A Torino la vita di una normale famiglia operaia, col figlio maggiore (Fernando, appunto) che, si fantasticava, sarebbe diventato dottore e che era stato iscritto al Ginnasio al “Massimo d’Azeglio”, il più rinomato Liceo cittadino. A far svanire i sogni, la seconda guerra mondiale: il papà “richiamato” carabiniere e mandato in Puglia; Fernando che, per far quadrare il bilancio, dimentica il “d’Azeglio” e trova un posto “in nero” da apprendista meccanico. Il colpo di fortuna arriva con l’assunzione del ragazzino alla Michelin, dove il padre aveva lavorato come operaio (l’azienda era di proprietà francese e sulla mancata iscrizione al PNF si poteva chiudere un occhio), prima di essere “richiamato”.
L’armistizio muta la situazione: papà, che già era riuscito a farsi trasferire da carabiniere a Torino, è congedato ed è tornato in fabbrica. Alla Michelin Fernando s’è comportato bene, tanto che dall’officina l’hanno passato all’ufficio tecnico. Tanto vale che continui a studiare, ma per diplomarsi geometra. Un anno di scuola serale, con la preparazione avuta al Ginnasio, è più che sufficiente per presentarsi agli esami di IV Istituto tecnico.
Il 22 luglio del 1944 Fernando è sul tram e sta andando a scuola. Fascisti con le armi in pugno fermano il tram davanti alla stazione di Porta Susa. Tutti i passeggeri sono fatti scendere. Una sgomenta colonna di uomini donne e ragazzi viene spinta sino in corso Vinzaglio. Agli alberi sono stati fissati dei cappi. C’è tanta gente intorno e ci sono tanti fascisti. Arriva un camion. Si ferma vicino alle corde appese. Un po’ di retromarcia, poi i fascisti alzano il telone. Si vedono quattro persone di spalle. I boia gli infilano i cappi al collo e il camion riparte con un sobbalzo. I quattro corpi (sono quelli di Bena, Bricarello, Valentino e Vian) restano appesi. La gente resta lì, ammutolita.

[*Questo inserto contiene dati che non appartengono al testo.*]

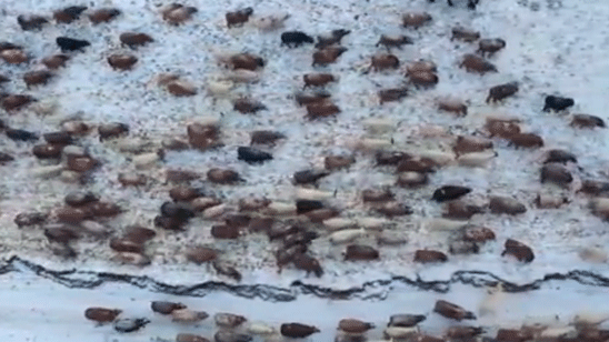 新疆17万头牲畜雪地转场迁徙 绵延数公里场面壮观
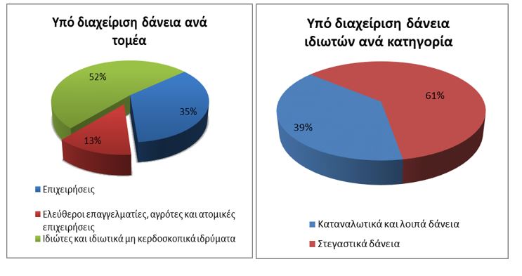 Η ονομαστική αξία των υπό διαχείριση δανείων προς ιδιώτες και ιδιωτικά μη κερδοσκοπικά ιδρύματα μειώθηκε κατά 610 εκατ. ευρώ έναντι του προηγούμενου τριμήνου και διαμορφώθηκε σε 41.365 εκατ. ευρώ στο τέλος του γ΄ τριμήνου του 2025. Αναλυτικότερα, τα υπό διαχείριση καταναλωτικά δάνεια παρουσίασαν μείωση κατά 492 εκατ. ευρώ και διαμορφώθηκαν σε 15.762 εκατ. ευρώ. Τα υπό διαχείριση στεγαστικά δάνεια παρουσίασαν μείωση κατά 116 εκατ. ευρώ και διαμορφώθηκαν σε 25.254 εκατ. ευρώ.
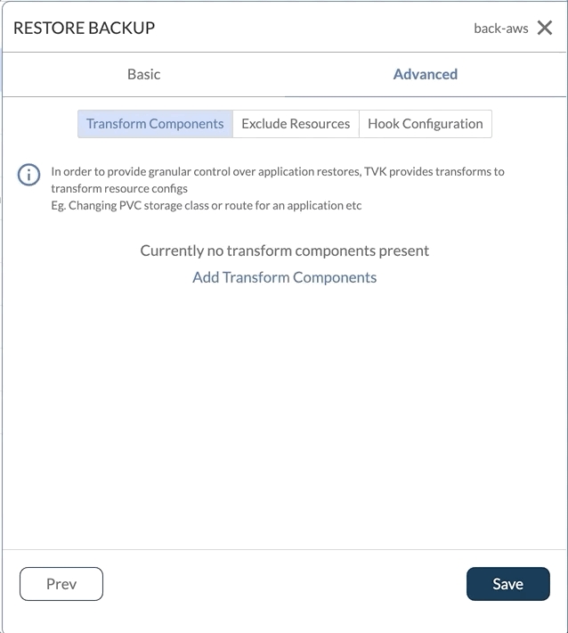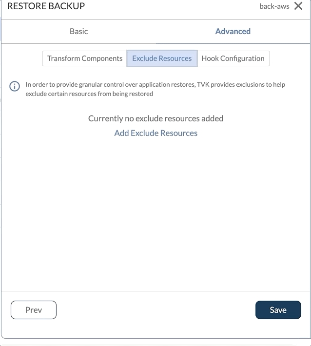 For the restore workflow, there are two tabs presented to the user - Basic and Advanced. Basic restores cover general restore properties for the backup - skip resources, patch CRDs etc. whereas Advanced restores cover resource transformation, resource exclusions, and resource hooks.
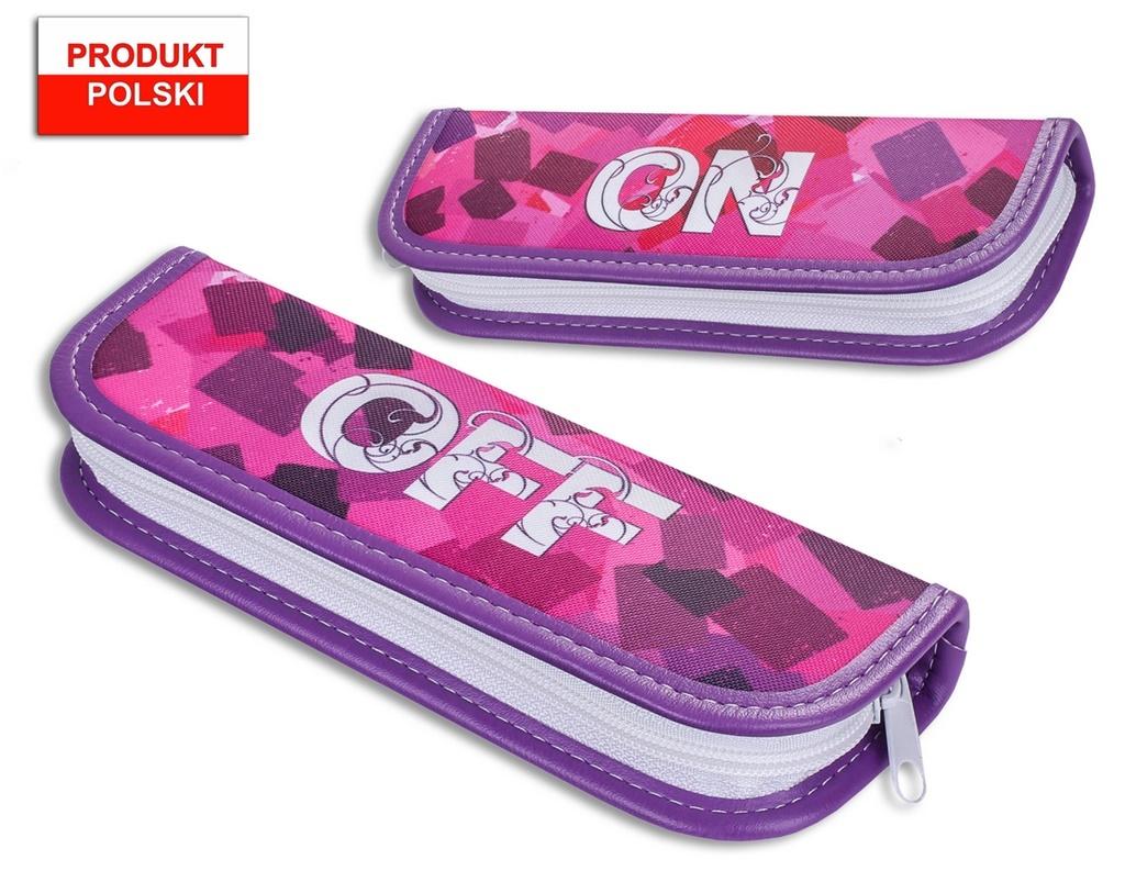 Piórnik na długopisy wykonany z kodury, ozdobionej nadrukiem przedstawiającym grafikę ON/OFF wykonanym w technologii sublimacji.W środku piórnika znajdują się gumki umożliwiające trzymanie długopisów. Piórnik o wymiarach 21x4x2,8[cm]. Piórnik bez wyposażenia.

I fascisti innalzano cartelli di minaccia, poi, dopo qualche ora, gli “spettatori” sono lasciati andare. Fernando arriva a scuola che i compagni stanno uscendo. Racconta quel che è successo a uno che gli è amico e che, di giorno, lavora alle Ferriere Fiat. L’amico si arrischia e parla di Resistenza. Il giorno dopo c’è un altro militante nel “Fronte della Gioventù” e un altro patriota nella VII Brigata SAP “E. De Angeli”. I mesi che seguono sono così, per Fernando, scarsi di studi e ricchi di azioni avventate e fortunate. Tentativi (falliti senza danno), di disarmare fascisti, distribuzione di volantini, scritte sui muri, raccolta di fondi per il “Soccorso rosso”, lettura di scritti di Lenin ricopiati a macchina con la carta carbone e passati di mano in mano, adesione al Partito comunista, organizzazione dello sciopero generale “contro la fame e il terrore” e, finalmente, il 24 aprile 1945, ordine di insurrezione.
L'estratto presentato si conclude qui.